Rozdział 50

710 37 2
                                    

- Tu będzie mój pokój -powiedziała Sofia gdy weszli do pierwszego z pomieszczeń

- Zobaczyłaś dopiero jeden - zaśmiał się Harry

- No dobra, to idziemy dalej - powiedziała i popędziła do kolejnego pokoju

Ten był trochę większy niż poprzedni i był cały niebieski, a poprzedni był w odcieniu pudrowego różu.

- To był mój pokój -powiedział James i usiadł na krześle które zaskrzypiało lekko pod jego ciężarem.
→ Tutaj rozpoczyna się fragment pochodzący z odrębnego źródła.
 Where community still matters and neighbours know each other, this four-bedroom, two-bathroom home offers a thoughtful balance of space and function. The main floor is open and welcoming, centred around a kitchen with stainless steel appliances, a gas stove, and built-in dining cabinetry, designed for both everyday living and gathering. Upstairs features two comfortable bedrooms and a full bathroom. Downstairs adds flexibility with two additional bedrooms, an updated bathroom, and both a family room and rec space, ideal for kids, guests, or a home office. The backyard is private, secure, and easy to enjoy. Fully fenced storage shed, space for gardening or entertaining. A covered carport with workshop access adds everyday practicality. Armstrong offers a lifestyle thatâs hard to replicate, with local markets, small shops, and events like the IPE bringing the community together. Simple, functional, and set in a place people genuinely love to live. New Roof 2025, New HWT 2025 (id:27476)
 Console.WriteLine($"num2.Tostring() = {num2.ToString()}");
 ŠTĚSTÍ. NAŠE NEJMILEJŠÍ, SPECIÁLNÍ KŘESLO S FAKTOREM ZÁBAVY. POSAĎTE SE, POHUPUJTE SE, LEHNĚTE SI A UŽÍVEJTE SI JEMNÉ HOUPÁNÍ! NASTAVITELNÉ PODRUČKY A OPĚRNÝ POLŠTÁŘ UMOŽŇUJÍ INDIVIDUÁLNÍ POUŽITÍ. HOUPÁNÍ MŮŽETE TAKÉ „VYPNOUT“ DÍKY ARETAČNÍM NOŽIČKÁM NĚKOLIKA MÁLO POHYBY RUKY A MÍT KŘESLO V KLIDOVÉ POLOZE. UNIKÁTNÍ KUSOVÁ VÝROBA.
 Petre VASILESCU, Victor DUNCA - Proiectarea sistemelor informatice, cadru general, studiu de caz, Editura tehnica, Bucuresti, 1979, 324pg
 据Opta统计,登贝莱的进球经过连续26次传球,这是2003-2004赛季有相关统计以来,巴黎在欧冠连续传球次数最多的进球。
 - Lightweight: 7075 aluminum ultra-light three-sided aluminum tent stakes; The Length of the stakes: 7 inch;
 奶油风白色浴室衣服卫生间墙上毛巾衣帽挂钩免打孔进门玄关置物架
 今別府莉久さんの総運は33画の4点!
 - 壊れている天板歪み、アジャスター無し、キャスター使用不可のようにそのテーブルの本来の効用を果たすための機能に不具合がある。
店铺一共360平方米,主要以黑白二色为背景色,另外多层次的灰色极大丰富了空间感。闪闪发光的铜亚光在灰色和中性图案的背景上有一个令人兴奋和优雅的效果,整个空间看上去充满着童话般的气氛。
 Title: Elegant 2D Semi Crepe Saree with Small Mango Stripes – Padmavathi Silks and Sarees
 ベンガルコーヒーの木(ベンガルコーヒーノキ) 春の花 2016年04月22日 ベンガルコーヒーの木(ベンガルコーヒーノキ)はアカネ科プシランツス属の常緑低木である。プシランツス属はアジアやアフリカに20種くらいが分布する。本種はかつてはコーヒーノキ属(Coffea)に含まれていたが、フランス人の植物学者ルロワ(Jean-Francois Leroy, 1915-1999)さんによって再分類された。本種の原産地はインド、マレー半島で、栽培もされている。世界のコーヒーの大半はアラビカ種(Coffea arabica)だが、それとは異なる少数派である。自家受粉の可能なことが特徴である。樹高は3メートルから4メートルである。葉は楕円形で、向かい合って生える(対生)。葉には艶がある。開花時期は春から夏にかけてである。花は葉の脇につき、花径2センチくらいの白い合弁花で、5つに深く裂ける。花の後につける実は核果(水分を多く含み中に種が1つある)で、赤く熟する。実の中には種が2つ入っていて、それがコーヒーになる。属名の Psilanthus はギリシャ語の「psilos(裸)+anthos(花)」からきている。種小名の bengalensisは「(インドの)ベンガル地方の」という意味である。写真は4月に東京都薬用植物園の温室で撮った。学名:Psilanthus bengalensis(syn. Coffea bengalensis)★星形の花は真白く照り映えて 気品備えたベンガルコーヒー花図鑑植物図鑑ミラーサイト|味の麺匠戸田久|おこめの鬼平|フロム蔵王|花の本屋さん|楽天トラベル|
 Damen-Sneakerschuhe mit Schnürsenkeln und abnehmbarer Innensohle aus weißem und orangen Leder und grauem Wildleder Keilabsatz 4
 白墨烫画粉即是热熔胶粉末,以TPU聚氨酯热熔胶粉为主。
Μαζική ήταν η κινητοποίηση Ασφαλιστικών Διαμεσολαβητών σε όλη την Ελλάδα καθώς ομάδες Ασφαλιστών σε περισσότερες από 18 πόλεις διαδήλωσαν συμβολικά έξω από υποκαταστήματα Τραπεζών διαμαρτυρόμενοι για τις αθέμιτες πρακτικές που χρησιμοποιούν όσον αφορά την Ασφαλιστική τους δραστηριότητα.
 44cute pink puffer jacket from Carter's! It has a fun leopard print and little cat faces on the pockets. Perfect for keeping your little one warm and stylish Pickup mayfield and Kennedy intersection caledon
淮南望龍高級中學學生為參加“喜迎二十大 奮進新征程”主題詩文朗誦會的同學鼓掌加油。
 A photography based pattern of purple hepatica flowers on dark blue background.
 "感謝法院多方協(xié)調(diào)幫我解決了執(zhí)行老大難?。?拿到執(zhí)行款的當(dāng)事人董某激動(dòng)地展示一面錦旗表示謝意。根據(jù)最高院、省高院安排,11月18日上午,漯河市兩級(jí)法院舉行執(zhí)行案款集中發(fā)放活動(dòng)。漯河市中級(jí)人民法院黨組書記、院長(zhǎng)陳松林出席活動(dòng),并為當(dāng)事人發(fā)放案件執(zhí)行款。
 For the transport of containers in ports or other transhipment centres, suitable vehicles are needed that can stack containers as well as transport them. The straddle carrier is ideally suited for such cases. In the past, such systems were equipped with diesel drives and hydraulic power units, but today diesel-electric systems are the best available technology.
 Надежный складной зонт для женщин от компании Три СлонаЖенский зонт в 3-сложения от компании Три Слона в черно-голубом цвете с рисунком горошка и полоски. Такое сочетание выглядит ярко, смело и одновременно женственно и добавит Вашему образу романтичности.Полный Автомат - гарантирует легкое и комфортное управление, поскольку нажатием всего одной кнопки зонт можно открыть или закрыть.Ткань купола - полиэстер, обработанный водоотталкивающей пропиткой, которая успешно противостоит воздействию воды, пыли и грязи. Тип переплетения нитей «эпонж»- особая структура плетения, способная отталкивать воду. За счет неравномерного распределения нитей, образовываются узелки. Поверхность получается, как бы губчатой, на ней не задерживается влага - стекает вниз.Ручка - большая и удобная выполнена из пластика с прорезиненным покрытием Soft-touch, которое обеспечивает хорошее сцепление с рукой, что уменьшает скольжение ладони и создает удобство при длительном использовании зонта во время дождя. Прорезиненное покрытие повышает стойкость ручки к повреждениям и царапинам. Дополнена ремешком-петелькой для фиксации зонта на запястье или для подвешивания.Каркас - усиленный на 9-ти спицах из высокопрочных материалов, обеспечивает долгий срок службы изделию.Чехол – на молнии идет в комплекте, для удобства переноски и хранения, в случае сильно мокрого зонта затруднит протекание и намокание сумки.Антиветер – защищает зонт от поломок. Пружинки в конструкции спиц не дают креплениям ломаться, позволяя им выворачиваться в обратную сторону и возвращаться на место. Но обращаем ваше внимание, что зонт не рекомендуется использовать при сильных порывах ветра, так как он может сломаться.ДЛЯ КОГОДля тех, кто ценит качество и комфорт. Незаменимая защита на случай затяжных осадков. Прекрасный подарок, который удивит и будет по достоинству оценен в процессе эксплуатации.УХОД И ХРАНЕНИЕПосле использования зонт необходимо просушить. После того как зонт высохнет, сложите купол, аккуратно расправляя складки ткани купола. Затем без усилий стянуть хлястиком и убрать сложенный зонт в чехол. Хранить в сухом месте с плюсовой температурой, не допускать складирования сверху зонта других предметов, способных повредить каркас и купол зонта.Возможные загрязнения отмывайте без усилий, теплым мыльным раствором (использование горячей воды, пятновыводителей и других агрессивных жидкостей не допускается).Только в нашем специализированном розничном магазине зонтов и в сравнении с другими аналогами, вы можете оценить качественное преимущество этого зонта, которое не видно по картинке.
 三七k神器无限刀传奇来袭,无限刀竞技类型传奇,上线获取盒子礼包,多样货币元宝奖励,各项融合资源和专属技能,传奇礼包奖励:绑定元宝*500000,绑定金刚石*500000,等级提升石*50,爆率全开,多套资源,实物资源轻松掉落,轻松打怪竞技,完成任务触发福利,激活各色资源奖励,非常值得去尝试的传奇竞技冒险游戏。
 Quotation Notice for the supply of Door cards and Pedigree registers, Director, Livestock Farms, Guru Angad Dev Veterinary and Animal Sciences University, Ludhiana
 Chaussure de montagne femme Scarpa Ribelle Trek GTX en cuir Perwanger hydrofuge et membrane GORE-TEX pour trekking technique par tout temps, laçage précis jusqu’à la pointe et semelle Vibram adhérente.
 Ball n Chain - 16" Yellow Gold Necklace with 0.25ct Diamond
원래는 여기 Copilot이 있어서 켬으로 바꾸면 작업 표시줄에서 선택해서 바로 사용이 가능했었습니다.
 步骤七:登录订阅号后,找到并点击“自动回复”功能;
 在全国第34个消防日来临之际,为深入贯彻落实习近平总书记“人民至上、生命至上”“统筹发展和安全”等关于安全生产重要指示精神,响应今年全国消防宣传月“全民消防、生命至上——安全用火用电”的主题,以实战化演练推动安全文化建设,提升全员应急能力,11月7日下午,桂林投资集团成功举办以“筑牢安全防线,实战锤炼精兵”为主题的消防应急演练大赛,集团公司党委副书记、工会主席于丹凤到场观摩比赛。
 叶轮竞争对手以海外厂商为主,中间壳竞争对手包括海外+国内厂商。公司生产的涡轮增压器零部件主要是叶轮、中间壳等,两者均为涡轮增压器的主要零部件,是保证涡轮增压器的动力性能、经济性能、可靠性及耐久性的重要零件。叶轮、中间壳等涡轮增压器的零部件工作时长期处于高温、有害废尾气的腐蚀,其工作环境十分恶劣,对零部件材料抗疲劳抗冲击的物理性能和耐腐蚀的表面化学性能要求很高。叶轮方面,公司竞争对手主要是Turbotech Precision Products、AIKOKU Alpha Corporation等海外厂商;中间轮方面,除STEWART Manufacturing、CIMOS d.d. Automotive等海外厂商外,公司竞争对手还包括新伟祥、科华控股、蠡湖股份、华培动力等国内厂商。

- Zobaczymy kolejne? Bo chciałabym wreszcie wybrać swój pokój -pospieszała panna Potter

- Jak się człowiek śpieszy to się diabeł cieszy -powiedziała Lily, a Sofia westchnęła

- Ale może jednak się pospieszyć bo chciałbym wreszcie zobaczyć domek w którym zamieszkam z dziewczynkami - odezwał się Syriusz

- No dobra chodźcie

Weszli do kolejnego pokoju który utrzymany był w żółci. Następny był zielony. W końcu dotarli do największej sypialni gdzie swój pokój mieć będą Lily i James, pokój był jasnoszary.

- Teraz sobie wybieżcie pokoje - powiedziała Lily do Harry'ego i Sofii.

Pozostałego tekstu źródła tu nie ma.